Pictures are to be left out. Return exactly the lines below from the one with "갑자기 코웨이가 실검 순위에 올라서 확인해 보니 이런 사과문이 떴네요" up to and including the one with "名称:Lace Collar Harness".

Information provided START

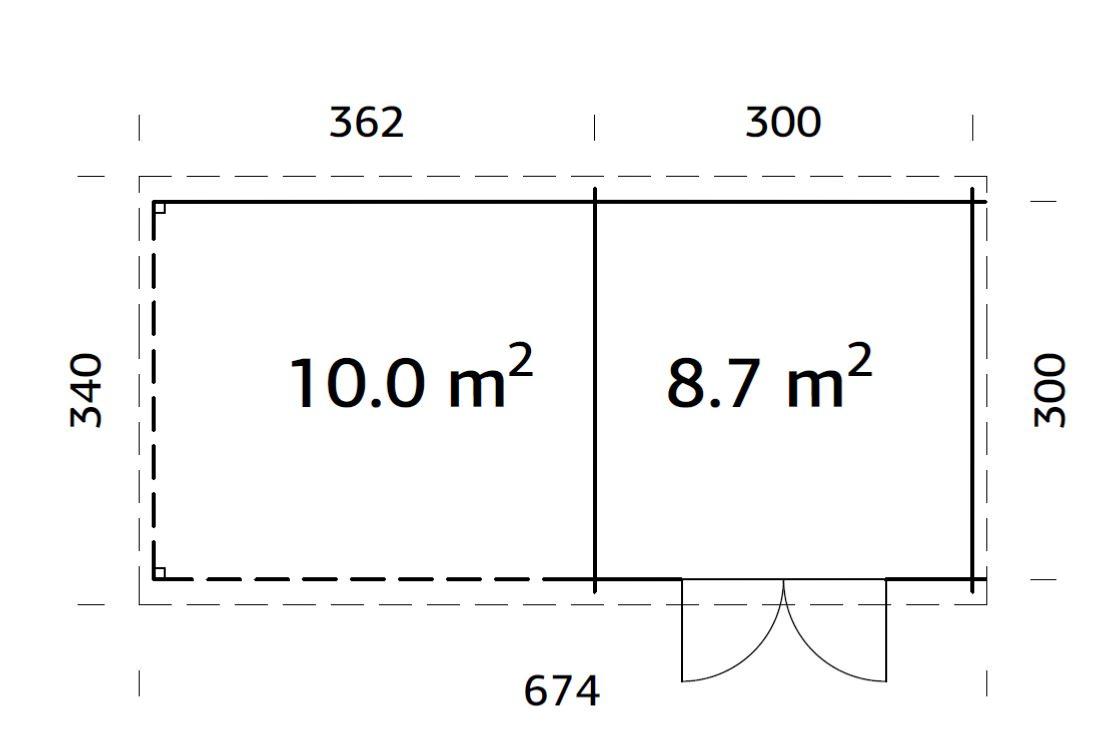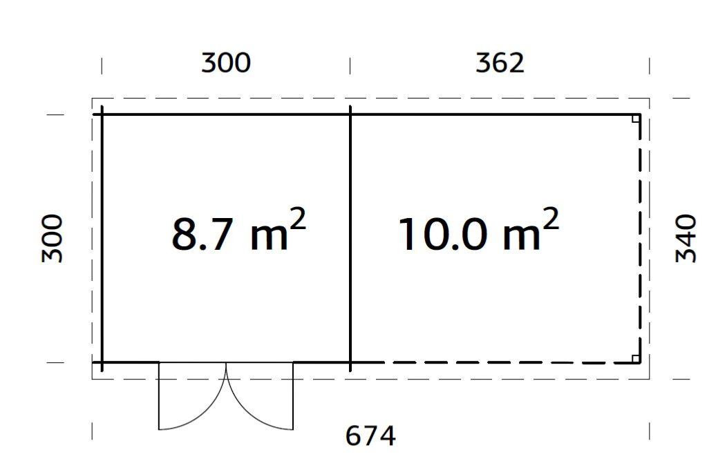 Dimensions extérieures paroi (largeur x profondeur) : 300 x 300 cm=  9 m²
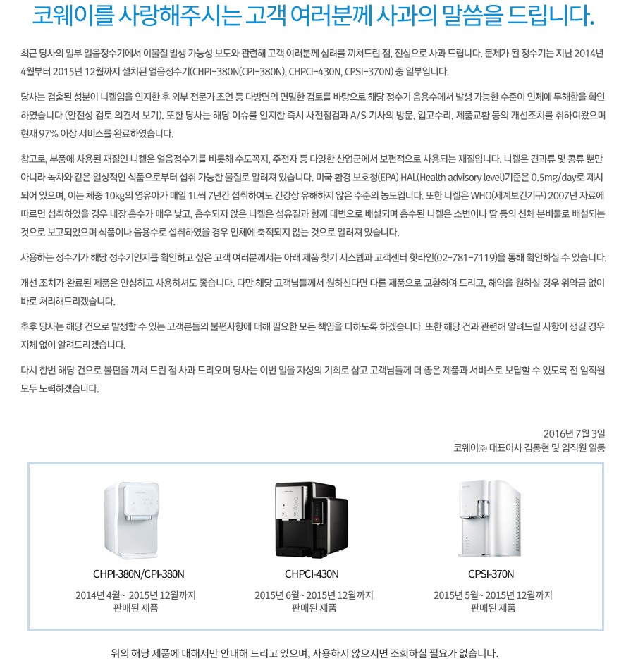 갑자기 코웨이가 실검 순위에 올라서 확인해 보니 이런 사과문이 떴네요
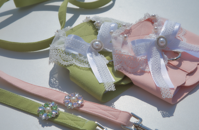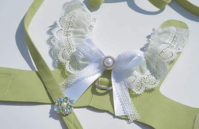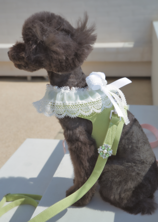 名称:Lace Collar Harness + Leash(Flower Petal Pink・Bud Green)
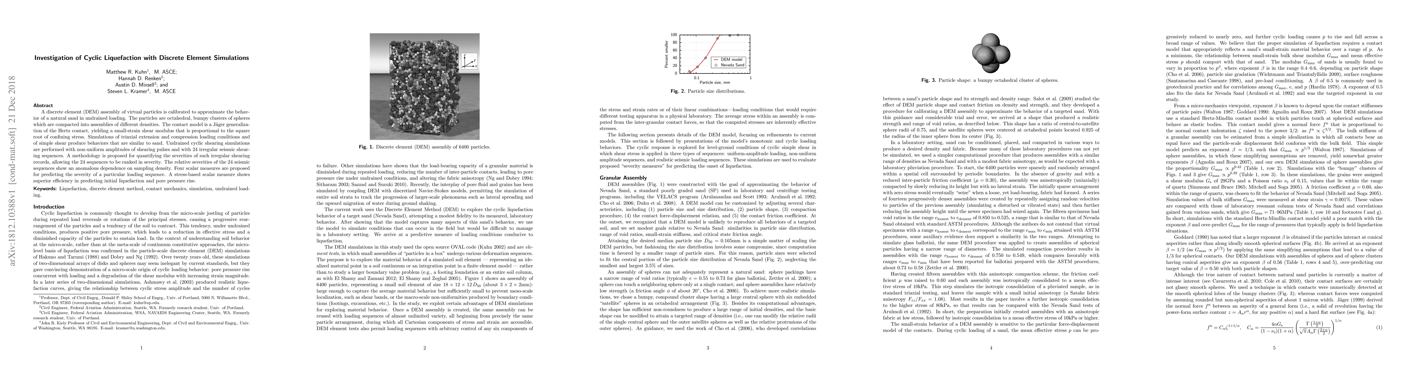A discrete-element method (DEM) assembly of virtual particles is calibrated to approximate the behavior of a natural sand in undrained loading. The particles are octahedral, bumpy clusters of spheres that are compacted into assemblies of different densities. The contact model is a Jager generalization of the Hertz contact, which yields a small-strain shear modulus that is proportional to the square root of confining stress. Simulations made of triaxial extension and compression loading conditions and of simple shear produce behaviors that are similar to sand. Undrained cyclic shearing simulations are performed with nonuniform amplitudes of shearing pulses and with 24 irregular seismic shearing sequences. A methodology is proposed for quantifying the severities of such irregular shearing records, allowing the 24 sequences to be ranked in severity. The relative severities of the 24 seismic sequences show an anomalous dependence on sampling density. Four scalar measures are proposed for predicting the severity of a particular loading sequence. A stress-based scalar measure shows superior efficiency in predicting initial liquefaction and pore pressure rise.

Information provided END

**Answer to the problem**:
 갑자기 코웨이가 실검 순위에 올라서 확인해 보니 이런 사과문이 떴네요
 名称:Lace Collar Harness + Leash(Flower Petal Pink・Bud Green)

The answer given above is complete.